I was watching this thing on TV. It's sort of like a book I read that considered what the world would be like if Hitler had won the war, or Sliders or something. Interestingly, it posed the question: "What would happen if Bush won the 2000 election?". Jeez, that would just be wrong. It's lucky that Gore won.

What would he have done then? Maybe he would have moved away from politics and into IT (hasn't that taken off - Wired was so right). Maybe he'd join Apple's board. Nah, that's just ridiculous.

Thursday, March 20, 2003


"High-performance software for information retrieval research. Emphasis on semi-structured text retrieval, especially for HTML and XML. The goal is to facilitate information retrieval research by providing an interchangable toolkit of functions." Written in Perl and C/C++.

Telcordia Demo Machine "...By using statistical algorithms, LSI can retrieve relevant documents even when they do not share any words with a query. LSI uses these statistically derived "concepts" to improve search performance by up to 30%."

Wednesday, March 19, 2003

RDF and Topic Maps

A small document published by KTWeb reports that: "As early as October 2000, Gartner Group experts predicted that “50 percent of portal and search engine providers would be using technologies on a Topic Map basis in the next three years”. More recent forecasts have been less enthusiastic, but still consider Topic Maps as having a high probability to become a “mainstream technology” by 2003; whereas METAGroup estimations see the technology significantly hitting the market by 2005-2007, with a potential over $1 billion." Topic Map Constraint Language is something that I hadn't seen before being analogous to OWL and RDF Schema. It's good to see another Australian organisation looking at RDF and Topic Maps too.

Monday, March 17, 2003


Technical trends bode well for KM "The same protections also apply to Tacit's forthcoming ActiveNet — which the company describes as a tool-agnostic, "active collaboration network." E-mail messages and other documents such as those in Notes, SharePoint, or Weblogs are fed into ActiveNet and are organized into topical "hotlists" that drive a supply-and-demand market for contacts and information.
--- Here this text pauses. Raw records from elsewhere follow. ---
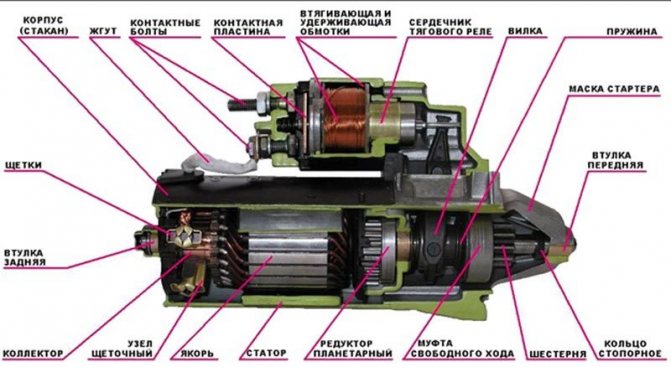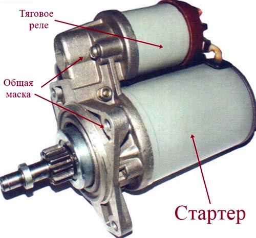 Стартер представляет собой двигатель, преобразующий электроэнергию, поступающую от аккумулятора в механическую энергию, которая служит начальным импульсом для движения поршней в ДВС.
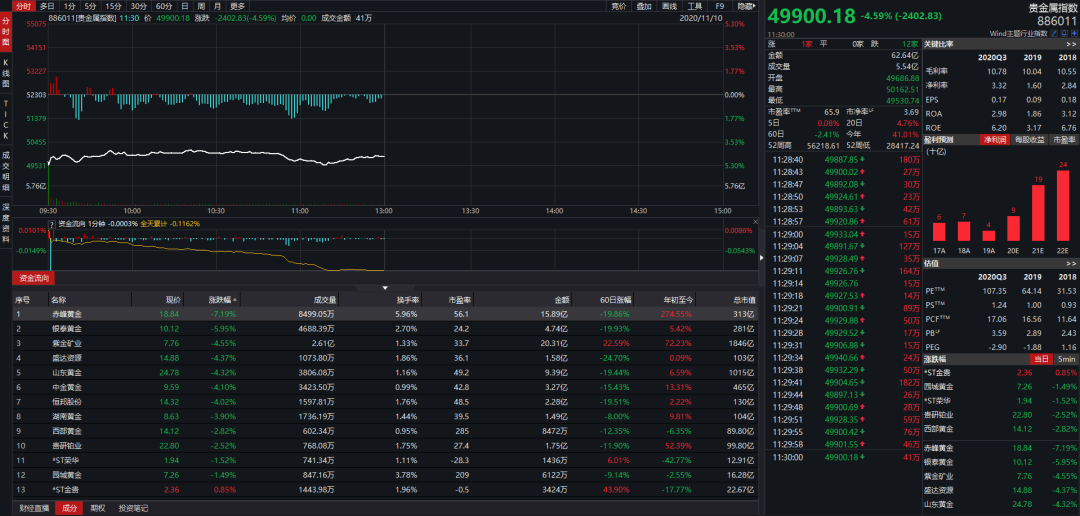 A股方面,今日贵金属指数报49900.18,指数下跌4.59%。指数成分股中,赤峰黄金下跌7.19%,银泰黄金下跌5.95%,紫金矿业下跌4.55%,盛达资源下跌4.37%,山东黄金下跌4.32%,中金黄金下跌4.10%,湖南黄金、西部黄金、园城黄金等均不同程度下跌。
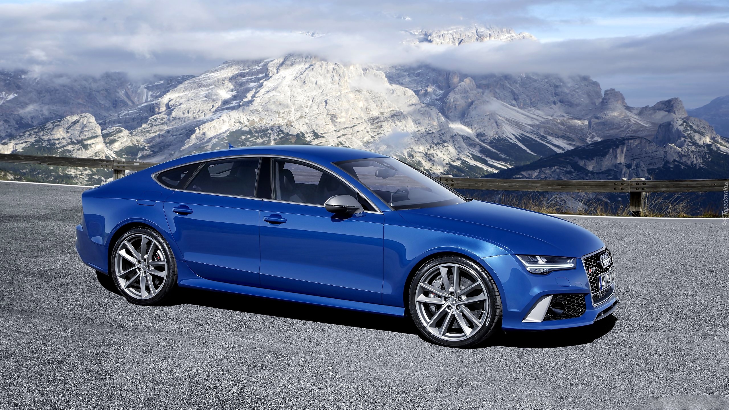 Edytor tapety: Niebieskie audi rs7 w górach
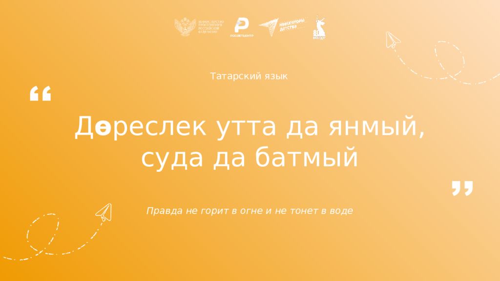 Татарский язык Д ө реслек утта да янмый, суда да батмый Правда не горит в огне и не тонет в воде ,, ,,
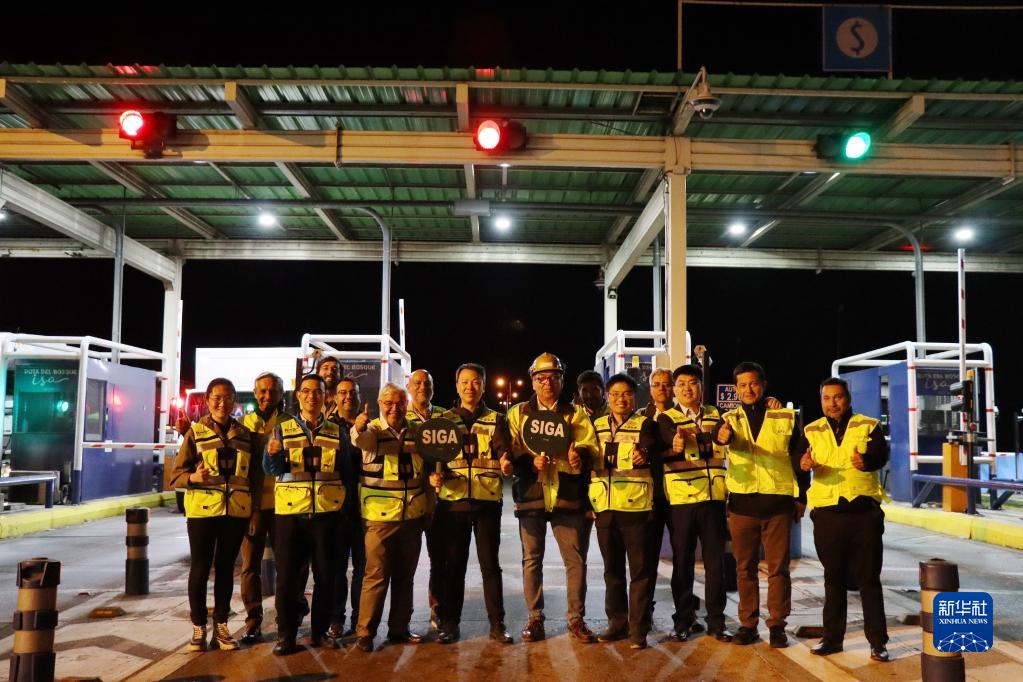 2月15日凌晨,中國鐵建國際集團項目運營團隊與項目監理及合作單位人員在智利比奧比奧大區5號公路的圣克拉拉主收費站合影。
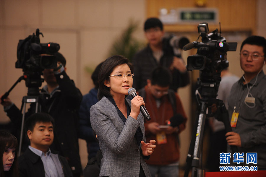 十二屆全國人大四次會議新聞中心于3月15日(星期二)10時在梅地亞中心多功能廳舉行記者會,邀請住房和城鄉(xiāng)建設部部長陳政高、副部長陸克華、副部長倪虹就“棚戶區(qū)改造和房地產工作”的相關問題回答中外記者的提問。圖為中央電視臺記者提問。新華網/中國政府網 陳杰 攝

The topics in your public profile define a supply of expertise in those areas; other users who construct similar profiles create a demand; the system offers to connect those whose profiles intersect."
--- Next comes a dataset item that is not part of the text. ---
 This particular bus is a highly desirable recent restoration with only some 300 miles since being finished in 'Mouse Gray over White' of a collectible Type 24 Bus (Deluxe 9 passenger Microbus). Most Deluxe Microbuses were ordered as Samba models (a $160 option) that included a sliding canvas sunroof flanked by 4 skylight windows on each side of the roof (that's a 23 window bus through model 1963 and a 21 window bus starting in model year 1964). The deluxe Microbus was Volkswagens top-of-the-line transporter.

"Corporate blogs may be ushering in new era of voluntary communication critical for KM. Knowledge that people don't publish can, alternatively, be deduced from documents and message traffic -- if you take necessary privacy precautions."

Friday, March 14, 2003

Sun's Knowledge Management

A recent blog entry by Uche Ogbuji points to a document on how Sun is using swoRDFish to provide "...a controlled vocabulary, organizational classifications, and business rules. It also includes a core set of industry standard metadata tags, complete with SMI-specific extensions."
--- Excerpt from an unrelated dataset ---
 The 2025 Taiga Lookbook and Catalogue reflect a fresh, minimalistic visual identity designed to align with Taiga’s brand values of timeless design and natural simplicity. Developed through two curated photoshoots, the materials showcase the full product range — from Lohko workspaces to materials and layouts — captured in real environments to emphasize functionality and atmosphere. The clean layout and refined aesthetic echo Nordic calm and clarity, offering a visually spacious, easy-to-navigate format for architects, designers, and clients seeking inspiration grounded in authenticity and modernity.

"Uche Ogbuji, founder of Fourthought, is one of the most respected thought leaders in RDF. He is currently working with Sun's Global Knowledge Engineering team to develop a system to integrate metadata from Sun's internal product and customer profile information. This integration will help amplify the power of the intranets and customer self-help sites at Sun. According to Mr. Ogbuji, Sun's efforts in knowledge management offer far more potential than commercially available ones, because the GKE team has chosen to adopt standard metadata and knowledge- management formats and techniques. Many other companies working with KM are using proprietary systems and methods. In my experience, this is very limiting because it restricts the value of the result to the amount of knowledge that can be gathered within the closed system. By adopting industry standards, Sun effectively opens up the system, allowing it to derive additional power from publicly available knowledge bases. This is analogous to the quantum leap in application development that developers gained once they began connecting their applications to the open Internet."


Semantic Web Services Interest Group Charter "The Semantic Web Services Interest Group will address both architectural/systems issues as well as application interests. Architectural principles are expected to be reported to the Web Services Architecture Working Group, for inclusion in the Web services architecture document."

Thursday, March 13, 2003

More Nukes

"The Bush administration is mounting a fresh push to add to the United States' nuclear-weapons arsenal.

In a report to go to Congress this week, the Air Force is expected to make the case for developing a "robust nuclear earth penetrator" that can destroy deeply buried targets. The earth penetrator, proposed last year by Bush-administration officials (see Nature 415, 945; 2002), would be a hardened version of an existing warhead.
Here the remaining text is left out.